I have a data.table representing three variables:
- Start_time (commencement of a certain procedure)
- Time (the actual time)
- Value (some value ascribed to each procedure at a given time)
I've formed a dummy set of data to represent this below:
libarary(data.table)
library(dplyr)
Start_number <- 3
Duration <- 4
Table <- rbindlist(lapply(seq_len(Start_number),function(x) data.table(Start_time = x,
Time = as.integer(x + seq_len(Duration) - 1)) %>% mutate(Value = 2)))
(I've just put the "Value" column to be '2', however this will vary in my actual data set)
I need to create a table which has the following two columns of output:
- Time - each value from smallest to largest
- Total_FV - the sum of the 'Value' column subject to the following conditions:
Condition 1: We sum up the 'Value' column for rows where 'Time' > current row's value of 'Time' (e.g. if 'Time' = 1, we'd only sum up rows where 'Time' = 2, 3, 4, ...)
Condition 2: Where Condition 1 is met, we exclude summing up rows where 'Start_time' > 'Time'.
I'll explain what the intended output is to hopefully make more sense of the above.
Target_output <- data.table(Time = seq_len(Duration),Total_FV = c(6,10,12,6,2,0))
Row 1 of output: Need to sum up for all values of Time > 1, but only where Start_time <= 1. From the "Table" data.table, this gives us rows 2, 3 and 4 which sum up to 6.

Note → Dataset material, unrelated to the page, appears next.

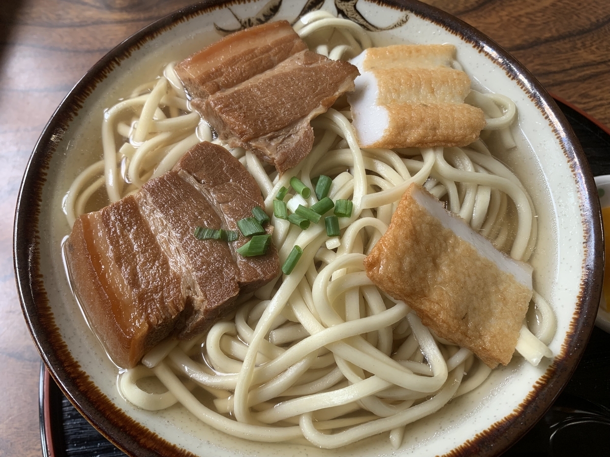 三枚肉とかまぼこ、ネギが載ったオーソドックスな宮古そば。

Row 2 of output: Need to sum up for all values of Time > 2, but only where Start_time <= 2. This gives us rows 3 and 4 where Start_time = 1, and then rows 6 - 8 where Start_time = 2. In total, this gives us 10.
Row 3 of output: Need to sum up for all values of Time > 3, but only where Start_time <= 3. This gives us row 4 where Start_time = 1, rows 7 - 8 where Start_time = 2, and then rows 10 - 12 for Start_time = 3. In total, this gives us 12.
...and so on
I tried to achieve this by conducting using non-equi joins with 'Table' on itself as follows:
Result <- Table[Table,on = .(Start_time >= Time,Time > Time),.(Total_FV = sum(Value)),by = Time]
Unfortunately this looks to be a long way off.
Can someone please see if they have a data.table-like approach to this, presumably using joins?
Thanks!